La société sollicite la confirmation du jugement entrepris. Elle fait valoir que la lésion subie par M. [O] est exclusivement imputable à une cause totalement étrangère au travail. Elle rappelle que le gonflement du pied gauche de M. [O] est intervenu en l’absence de tout fait traumatique. M. [O] souffre d’un érysipèle comme précisé aux termes du certificat médical initial établi le 2 août 2020, cette pathologie étant due à des bactéries, les streptocoques dit « béhémolytiques ». Elle en conclut que cette infection bactérienne est imputable à une cause totalement étrangère au travail.
Sur ce,
Il résulte de la combinaison des textes rappelés précédemment qu’en cas de contestation par l’employeur, il lui appartient de rapporter la preuve que l’accident litigieux avait une cause entièrement étrangère au travail.
En l’espèce, il ressort des débats que M. [O] a ressenti son pied gonfler dans ses chaussures de travail alors qu’il travaillait, étant précisé qu’il n’est pas contesté que M. [O] ne présentait pas de symptômes préalablement à l’exercice de son travail.
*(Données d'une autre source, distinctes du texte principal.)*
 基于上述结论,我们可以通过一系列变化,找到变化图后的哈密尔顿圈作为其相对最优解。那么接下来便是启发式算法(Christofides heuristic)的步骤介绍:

La société se contente d’affirmer que la lésion de M. [O] est d’origine bactérienne de sorte que l’affection du pied gauche de ce dernier est imputable à une cause totalement étrangère au travail sans pour autant étayer ses déclarations par des éléments précis.
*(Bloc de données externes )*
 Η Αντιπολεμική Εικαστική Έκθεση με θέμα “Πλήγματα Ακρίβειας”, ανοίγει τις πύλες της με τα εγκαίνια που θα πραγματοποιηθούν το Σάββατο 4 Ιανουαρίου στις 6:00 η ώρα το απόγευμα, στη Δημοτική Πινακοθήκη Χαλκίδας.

Si l’origine bactérienne de la lésion de M. [O] n’est pas contestée, il n’en demeure pas moins qu’aucun élément produit aux débats ne permet de démontrer à quel moment cette bactérie a été contractée et notamment si elle a été contractée en dehors des heures de travail de manière certaine. La société ne rapporte pas la preuve que l’accident de M. [O] est dû à une cause totalement étrangère au travail.
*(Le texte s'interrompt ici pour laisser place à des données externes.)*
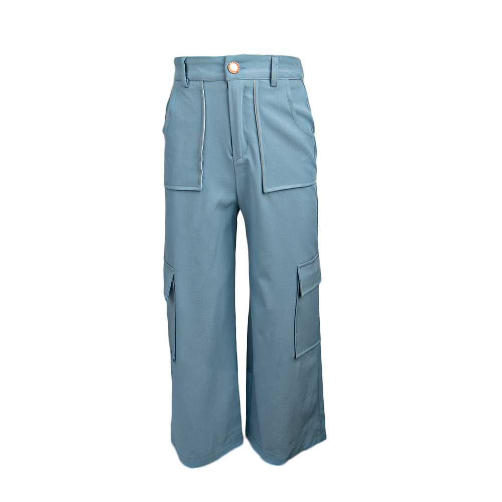 طقم بناتي مكون من بلوزة بكسرات على الأكتاف و بنطلون بقصة واسعة و جيوب من الجانبين

Il convient donc de débouter la société de sa demande et de lui déclarer opposable la décision du 2 novembre 2020 par laquelle la caisse a reconnu le caractère professionnel de la maladie de la victime, M. [O].
Le jugement entrepris sera infirmé sur ce point.
Sur les dépens
La société, qui succombe, est condamnée aux dépens de première instance et d’appel.
PAR CES MOTIFS
La cour, après en avoir délibéré, statuant publiquement, par arrêt contradictoire,
Infirme le jugement en toutes ses dispositions,
Statuant à nouveau et y ajoutant,
Déclare opposable à la société [6] la décision du 2 novembre 2020 par laquelle la [4] a reconnu le caractère professionnel de l’accident dont a été victime M. [O] le 1er août 2020,
Condamne la société [6] aux dépens de première instance et d’appel.
Prononcé par mise à disposition de l’arrêt au greffe de la cour, les parties en ayant été préalablement avisées dans les conditions prévues au deuxième alinéa de l’article 450 du code de procédure civile.
Signé par Madame Marie-Bénédicte JACQUET, Conseillère, faisant fonction de présidente, et par Madame Mélissa ESCARPIT, Greffière, à laquelle la magistrate signataire a rendu la minute.